Рефрен Склянки бьют на повороте, / Чтоб никто не стал хромой имеет двойную семантику. В бытовом понимании речь идет о трамвайных звонках на поворотах, предостерегающих пассажиров и пешеходов от того, что их зацепит вагоном. В мифологическом представлении, по одной из версий [17, с. 602], хромота, одна нога связывается с семантикой искры, быстрого огня. Таким образом, трамвай, причастный воде, огню и земле, становится универсальным транспортом, которому подчинены все стихии. Трамвай – медиатор между жизнью и смертью. Отрезанная часть тела является устойчивым мотивом трамвайной символики. В стихотворении Ю. Мориц герой может потерять ногу. Р. Тименчик в связи с «навязчивой темой обезглавливания», связанной с трамваем [19, с. 139], приводит в пример трамваи у С. Городецкого, А. Ремизова, В. Шершеневича,
М. Булгакова. С.В. Полякова рассматривает гиньольный мотив (продажу отрезанных голов) в «Заблудившемся трамвае». Детская «трамвайная» поэзия ХХ в. усваивает мотив обезглавливания в опосредованном виде. Тема потери головы является центральной в стихотворении И. Иртеньева «Вожатый и трамвай» (1981). Его вагон, также как и у Ю. Мориц, падает под гору, унося персонажей в бездну нижнего мира: Что за ужас, ай-ай-ай! / Мчится под гору трамвай. / А за ним бежит вожатый / С головой, в дверях зажатой [6, с. 26]. В стихотворении Иртеньева вожатый пытается получить допуск у пассажиров на вход в свой же вагон, т.е. получить разрешение на право управления собственной и чужой жизнью. Произведение можно трактовать в социально-философском аспекте как стихотворение об инертности будничной жизни и о страхе человека утратить привычные координаты движения своего «вагона».

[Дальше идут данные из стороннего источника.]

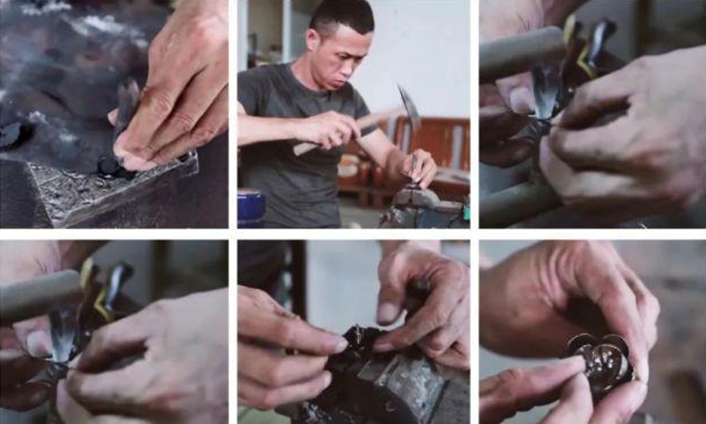 匠人先依國畫章法設計畫稿,再將鐵料入爐加熱,趁紅熱之際鍛打、彎折、塑形,隨後經鑽、壓、焊、銼、鑿等三十餘道工序,逐點逐線拼接成型。

Символ трамвая не однозначен. В начале ХХ в. он помогает поэтам передать сумятицу изменяющегося времени, дает надежду на прогресс, но и рождает страх быть раздавленным или отброшенным в сторону бездушной высокоскоростной машиной. Новый транспорт требует воспитания нового успешного героя. Во второй половине века персонажи меньше пытаются соответствовать требованиям общества. Они способны увидеть его отстраненно, вглядываясь в прошлое и осознавая непричастность ушедшему времени. Вместе с идеей прямого воспитания уходит и жесткая иерархия. Но диалектика свободы / предопределенности движения, а также диалектика одушевленности / механистичности остается на протяжении всего «маршрута следования» трамвая по столетию.